Снег в пустыне (Рикке) - страница 42

И что может ждать каждого из них в итоге? Смерть страшила по-прежнему, особенно сейчас, когда боли мучили мальчика все меньше, ведь жизнь — самый первый и драгоценный дар Господний. Неблагодарно отвергать его лишь потому, что страшно взглянуть перед собой!

Нет, Атия не смирился со своей участью, но не находя другого способа спасения, кроме смерти, отказался от него уже осознано, а не из страха, присущего всему живому. Он просто принял то, что есть, как принял имя, на которое приходилось отзываться. Так, заключенный, не губя себя в отчаянных и бесплодных попытках выбраться из узилища, откуда нет выхода, пытается обрести свободу в ином смысле, отыскивая ее в том, что заключено в нем самом. Кто посмеет сказать, что ведает Божий замысел, но если позволить себе хоть на мгновение усомниться, что каждое слово наше имеет свой смысл, тогда действительно остается только наложить на себя руки!

Ангелы… С грустной задумчивой улыбкой, мальчик вспоминал, как требовал недавно их явления, чтобы сберечь невинность тела, но разве он один, кто зовет о помощи?

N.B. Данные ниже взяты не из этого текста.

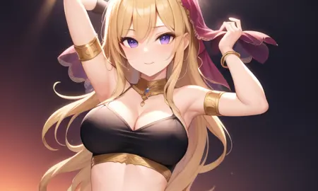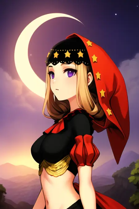 To prompt this character, enter "lora:Velvetv3:strengthvelvetos, red hood, black crop top with red puffy sleeves, star headdress, waist cape, vertical-striped stockings, high heels,"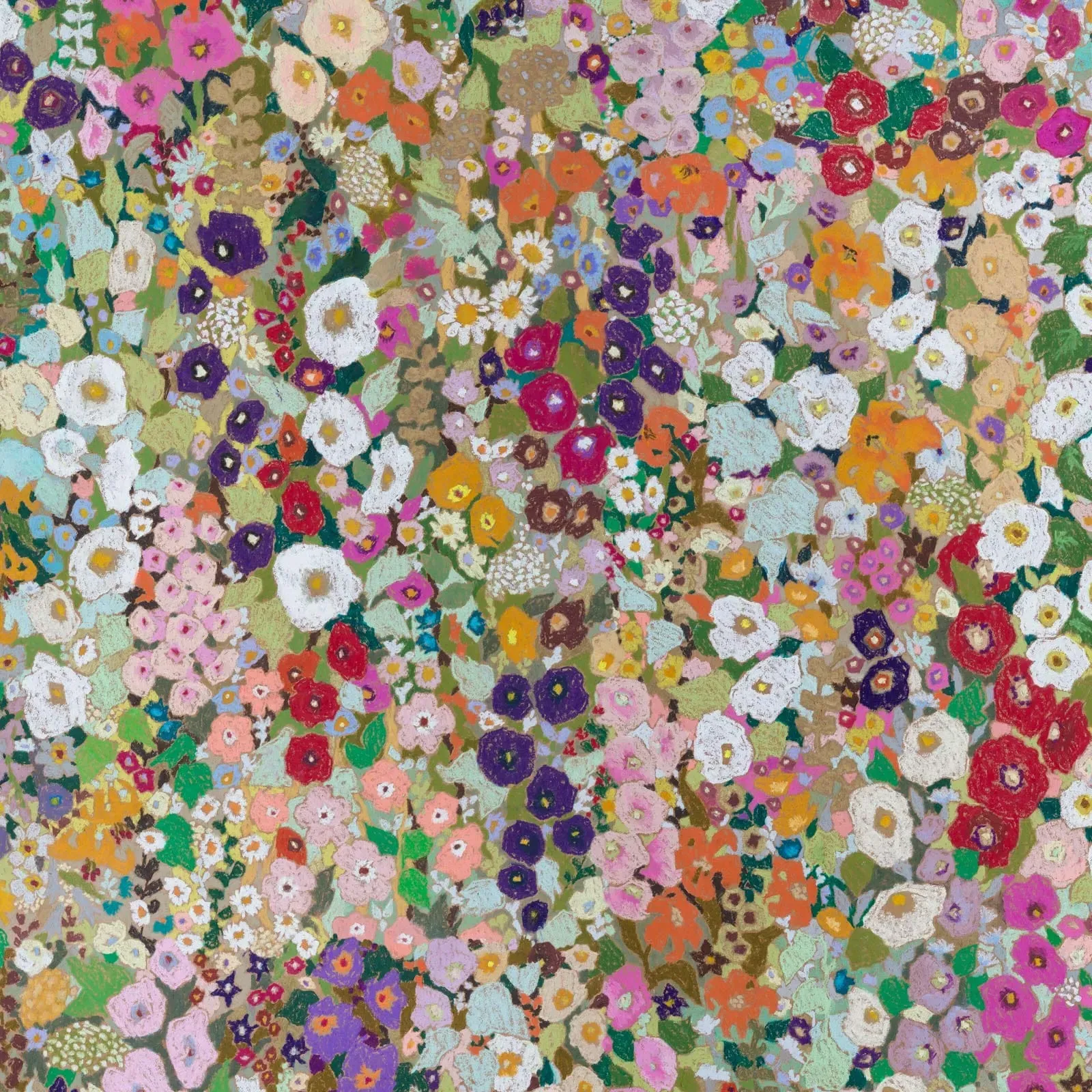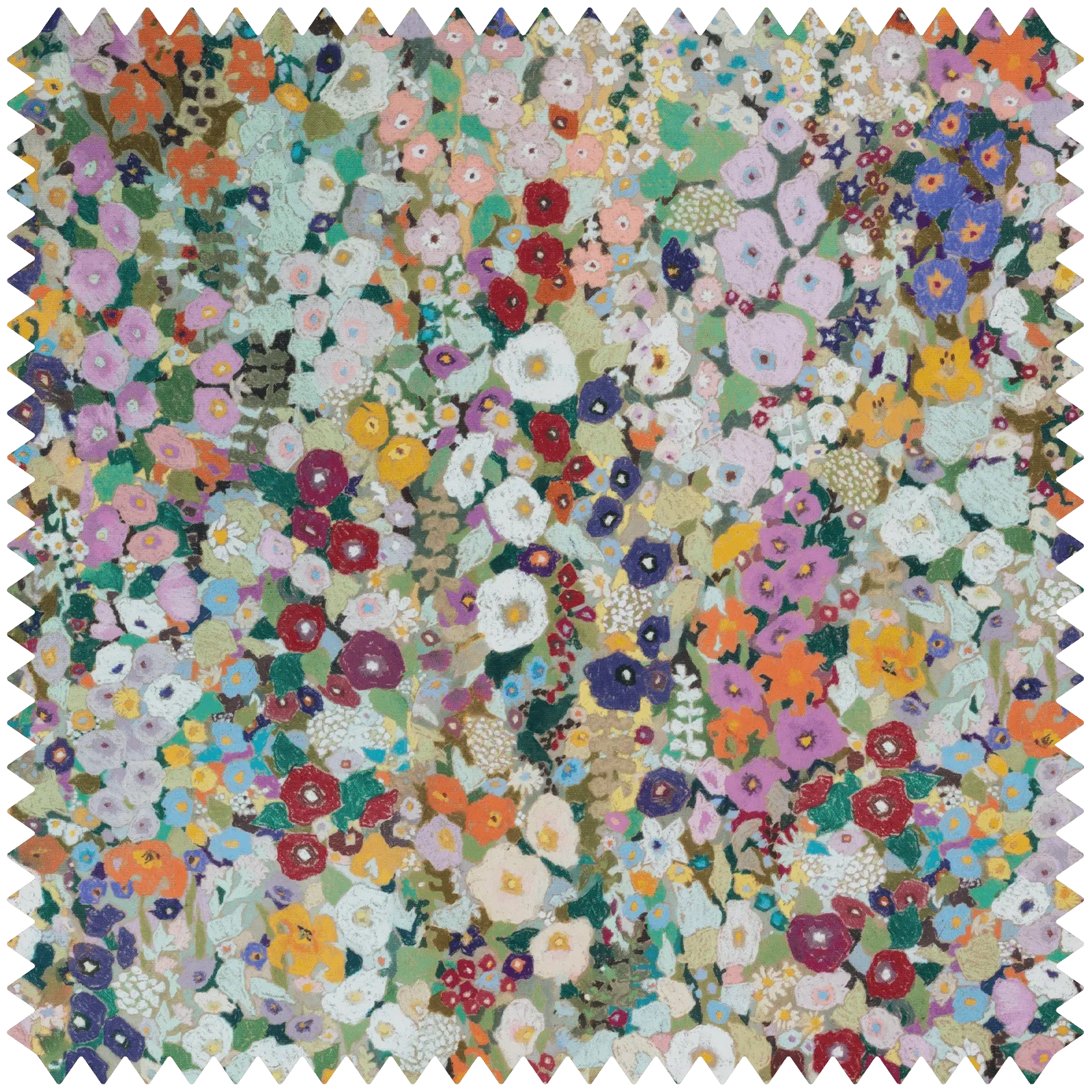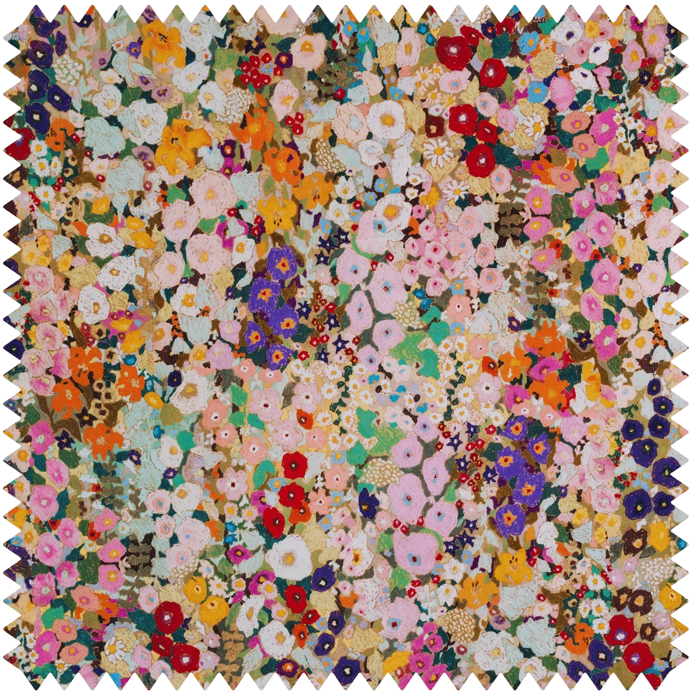 The HOLLYHOCKS fabric combines smooth cotton-linen construction with artistic floral design inspired by Gustav Klimt's garden paintings. Created by American artist Kerry Simmons, it features a riot of flowers in spring colors. Printed in Britain, this versatile fabric suits window coverings and furniture reupholstering with its pastoral charm and punk spirit.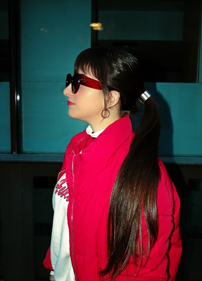 Las prendas estrella sin duda son las prendas de Rosegal, concretamente, una sudadera, un bolso y unas gafas de sol; todos ellos de color rojo, tono muy de tendencia y favorecedor. Lo completo con un plumas rojo ideal para el frío que persiste en mi ciudad y que ya os enseñé aquí (Link), y los famosos pantalones negros con raya vertical (Link).
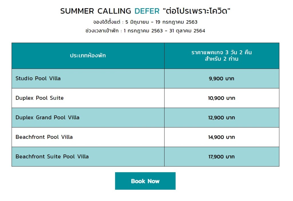 - Extra bed สามารถใช้กับห้องพัก Duplex Pool Suite, Duplex Grand Pool Villa, Beachfront Suite Pool Villa และ Casa Pool Suite เท่านั้น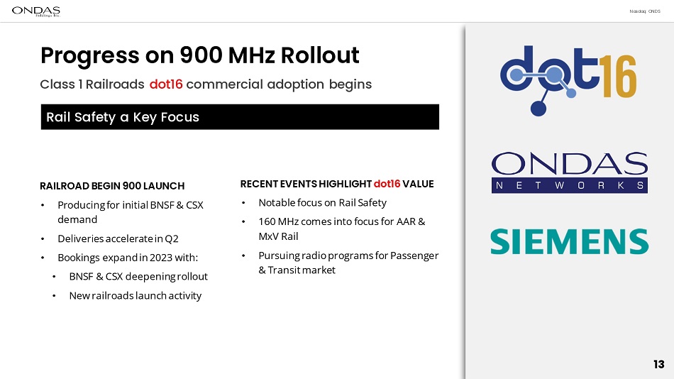 Nasdaq: ONDS Bandwidth Enables Safety Existing and new applications creates explosion of edge activity RAILROAD INFRASTRUCTURE • Private, Owned& Operated • Secure, Reliable, QoS • Flexible; interoperable • Backwards compatible • Nationwide coverage • Lower cost PRIVATE NETWORKS Onboard Telemetry 450MHZ ATCS 900 MHz Voice 160 MHz PTC 220 MHz FCC Mandate 15
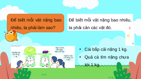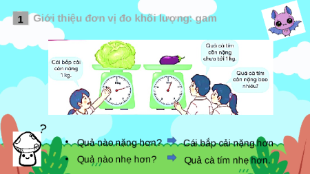 1 Giới thiệu đơn vị đo khối lượng: gam ? • Quả nào nặng hơn? Cái bắp cải nặng hơn • Quả nào nhẹ hơn? Quả cà tím nhẹ hơn.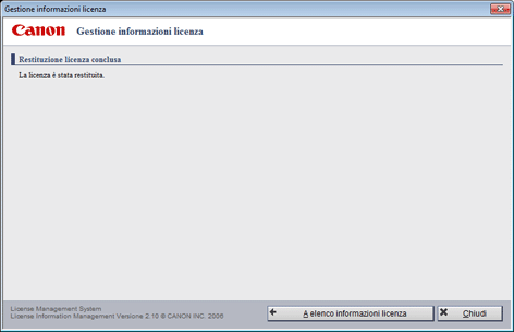La restituzione delle licenze richiede la connessione Internet e la versione di Internet Explorer 6 e versioni successive. Accertarsi inoltre che il computer sia connesso a Internet.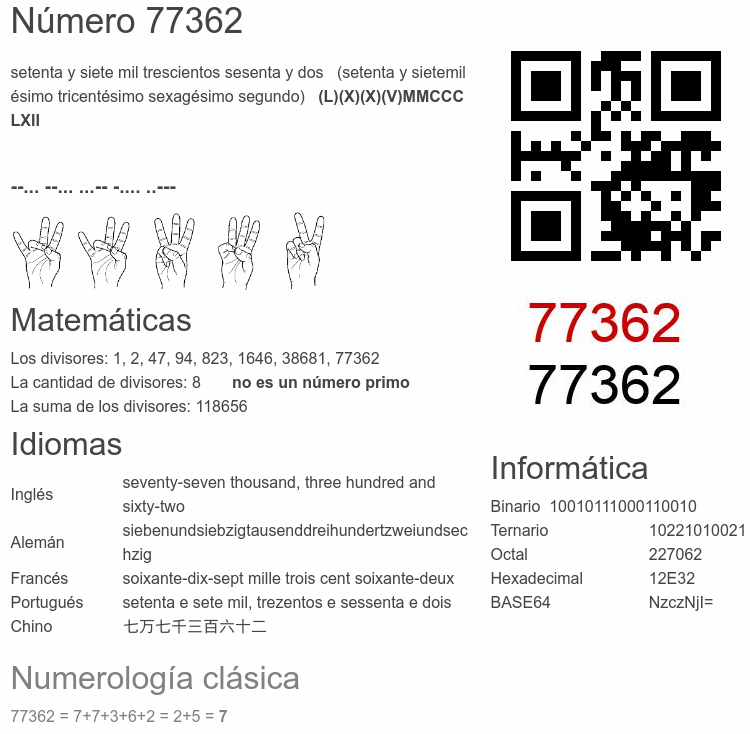 Si conoce algo interesante sobre el número 77362 o cualquier número natural (entero positivo), por favor escríbanos.Número 77 362 en otras unidades

А если брат сейчас в самой сече, матушке опять плохо, сестрам вместо венца и суженого, своих детей — снова война и неведомо что, такая же неволя, если не худшая… Да разве он один такой, будто не горели с его плена больше никогда и нигде дома и села, святые храмы… Будто не случалось ни с кем беды!

И разве не был явлен ему в нужде самый малый знак, — такой дорогой в своей простоте?! Что везде и всегда есть рука, которая потянется к твоей… Всегда! — Атия вертел в пальцах засохшую веточку олеандра с осыпающимися бутонами, которую и правда так и не обнаружили, пока он сам не смог перебрать ларец, где она попросту завалилась меж флаконами, а с тех пор хранил при себе и даже засыпал с нею.

Святыня. Разве не вера делает их?!

И сказки… Он перечитывал их уже сам, улыбаясь: это было волшебно, сродни воскресению!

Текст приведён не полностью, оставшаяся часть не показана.